DOI: 10.15227/orgsyn.043.0049

p-HYDROXYPHENYLPYRUVIC ACID

[Pyruvic acid, p-hydroxyphenyl-]

Submitted by Gerhard Billek¹

Checked by Max Tishler and Arthur J. Zambito.

1. Procedure

A. 5-(p-Hydroxybenzal)hydantoin. An intimate mixture of 6.11 g. (0.050 mole) of p-hydroxybenzaldehyde (Note 1) and 5.5 g. (0.055 mole) of hydantoin (Note 2) is placed in a 250-ml. round-bottomed flask. Dry piperidine (10 ml.) is added, a reflux condenser protected by a calcium chloride tube is fitted to the flask, and the flask is immersed in an oil bath so that the level of the reaction mixture is the same as the oil level of the bath. The oil bath is heated slowly to 130° and is held at this temperature for 30 minutes; foaming and gentle boiling occur. The reaction mixture is cooled, and 200 ml. of water at about 60° is added. The contents of the flask are stirred by means of a glass rod until a clear red solution is obtained (Note 3). Any traces of tarry material are removed by filtration. The solution is cooled to room temperature, transferred to an Erlenmeyer flask, and acidified by dropwise addition of 20 ml. of 12N hydrochloric acid. The mixture stands at room temperature a few hours, and then the yellow precipitate of 5-(p-hydroxybenzal)hydantoin is collected on a Büchner funnel and washed thoroughly with cold water (Note 4). After being dried in a vacuum desiccator over potassium hydroxide, the crude hydantoin weighs 8.5–8.8 g. (83–86%). It melts at 310–315° (dec.) and is sufficiently pure for the next step and other preparative purposes (Note 5).

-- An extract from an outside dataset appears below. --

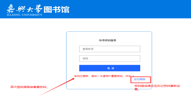第一步:输入嘉兴大学图书馆网址:https://vpnblib.zjxu.edu.cn:8080/loginPage,首次登陆请重置密码,账号为学号,如下图:

B. p-Hydroxyphenylpyruvic acid. Crude 5-(p-hydroxybenzal)hydantoin (8.5 g., 0.042 mole) and a few chips of porous plate are placed in a 500-ml., three-necked, round-bottomed flask fitted with a reflux condenser, a dropping funnel, and a gas-inlet tube (Note 6). A slow stream of oxygen-free nitrogen (Note 7) is introduced. As soon as the air has been swept out of the apparatus, 240 ml. of 20% aqueous sodium hydroxide solution (w/v) is added through the dropping funnel. The mixture is boiled for 3 hours in an oil bath at 170–180° (Note 8). The 5-(p-hydroxybenzal)hydantoin dissolves rapidly, and a clear orange solution is obtained that becomes less deeply colored during the reaction. The reaction mixture is cooled by replacing the oil bath by a bath of cold water. Without interrupting the stream of nitrogen, 100 ml. of 12N hydrochloric acid is added through the dropping funnel at such a rate that foaming and heating of the mixture are not excessive. The flask is disconnected, and 5 g. of sodium bicarbonate is dissolved in the mixture (Note 9).

The liquid is transferred to a continuous extractor (Note 10) and extracted with ether until the supernatant layer of ether remains colorless (about 2 hours). The ethereal extract is discarded (Note 11). The aqueous solution is transferred to a 1-l. beaker and acidified by the cautious addition of 60 ml. of 12N hydrochloric acid (Note 12). The solution is returned to the extractor, which is attached to a tared round-bottomed flask. The solution is extracted with ether until no more p-hydroxyphenylpyruvic acid is obtained (Note 13). The undried ether solution is evaporated to dryness on a boiling water bath to give crude p-hydroxyphenylpyruvic acid as a pale-yellow crystalline mass. The mass is broken up with a spatula, and the flask is kept over potassium hydroxide in a vacuum desiccator until its weight is constant. The yield of crude acid is 6.9–7.2 g. (92–96%). It melts at 210–215° (dec.) (Note 14).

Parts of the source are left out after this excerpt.